In [1]:
!pip install -Uqq adapter-transformers

In [2]:
%load_ext autoreload
%autoreload 1
%aimport adapter_utils
from adapter_utils import load_model_and_tokenizer, adapt_model

Load and adapt a model

In [3]:
model, tokenizer = load_model_and_tokenizer(model_name="roberta-base")

Some weights of the model checkpoint at roberta-base were not used when initializing RobertaModelWithHeads: ['lm_head.bias', 'lm_head.dense.weight', 'lm_head.dense.bias', 'lm_head.layer_norm.weight', 'lm_head.layer_norm.bias', 'lm_head.decoder.weight']
- This IS expected if you are initializing RobertaModelWithHeads from the checkpoint of a model trained on another task or with another architecture (e.g. initializing a BertForSequenceClassification model from a BertForPreTraining model).
- This IS NOT expected if you are initializing RobertaModelWithHeads from the checkpoint of a model that you expect to be exactly identical (initializing a BertForSequenceClassification model from a BertForSequenceClassification model).
Some weights of RobertaModelWithHeads were not initialized from the model checkpoint at roberta-base and are newly initialized: ['roberta.embeddings.position_ids']
You should probably TRAIN this model on a down-stream task to be able to use it for predictions and infere

In [4]:
adapt_model(model=model, adapter_name="qa/squad1@ukp", adapter_arch="houlsby")
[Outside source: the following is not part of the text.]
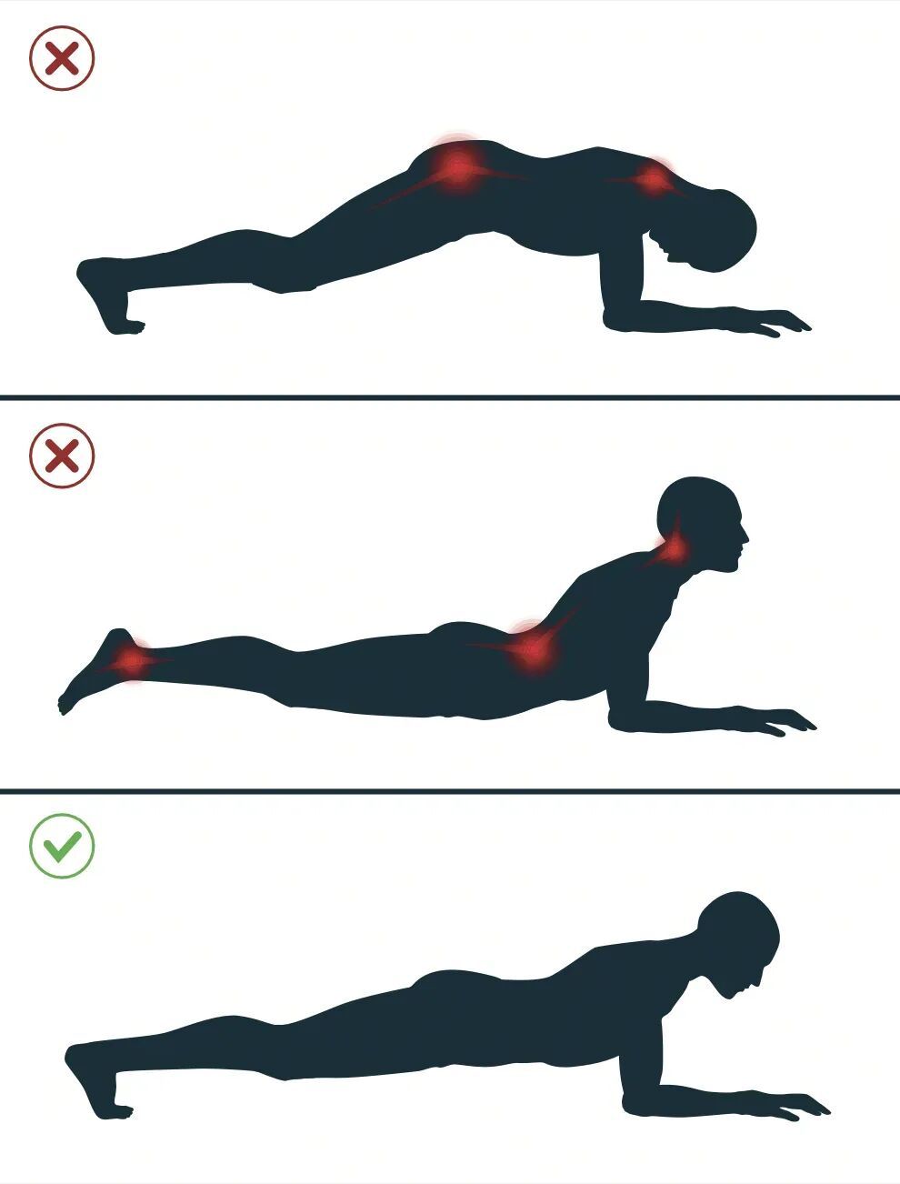 ❌撅屁股。臀部抬得过高,会大大减弱对核心肌肉的训练效果,让训练变得更轻松,也更无效。

Test that things are working by running the example from Adapter Hub's sample notebook.

In [34]:

from transformers import QuestionAnsweringPipeline

qa = QuestionAnsweringPipeline(model=model, tokenizer=tokenizer)

context = """
The current modus operandi in NLP involves downloading and fine-tuning pre-trained models consisting of millions or billions of parameters.
Storing and sharing such large trained models is expensive, slow, and time-consuming, which impedes progress towards more general and versatile NLP methods that learn from and for many tasks.
Adapters -- small learnt bottleneck layers inserted within each layer of a pre-trained model -- ameliorate this issue by avoiding full fine-tuning of the entire model.
However, sharing and integrating adapter layers is not straightforward.
We propose AdapterHub, a framework that allows dynamic "stitching-in" of pre-trained adapters for different tasks and languages.
The framework, built on top of the popular HuggingFace Transformers library, enables extremely easy and quick adaptations of state-of-the-art pre-trained models (e.g., BERT, RoBERTa, XLM-R) across tasks and languages.
Downloading, sharing, and training adapters is as seamless as possible using minimal changes to the training scripts and a specialized infrastructure.
Our framework enables scalable and easy access to sharing of task-specific models, particularly in low-resource scenarios.
AdapterHub includes all recent adapter architectures and can be found at AdapterHub.ml.
"""

In [35]:
# ignore all FutureWarnings
from warnings import simplefilter
simplefilter(action='ignore', category=FutureWarning)

In [36]:
def answer_questions(questions):
    for question in questions:
        result = qa(question=question, context=context)
        print("❔", question)
        print("💡", result["answer"])
        print()

answer_questions([
    "What are Adapters?",
    "What do Adapters avoid?",
    "What is proposed?",
    "What does AdapterHub allow?",
    "Where can I find AdapterHub?",
])

❔ What are Adapters?
💡 small learnt bottleneck layers

❔ What do Adapters avoid?
💡 full fine-tuning of the entire model.

❔ What is proposed?
💡 AdapterHub

❔ What does AdapterHub allow?
💡 dynamic "stitching-in"

❔ Where can I find AdapterHub?
💡 AdapterHub.ml.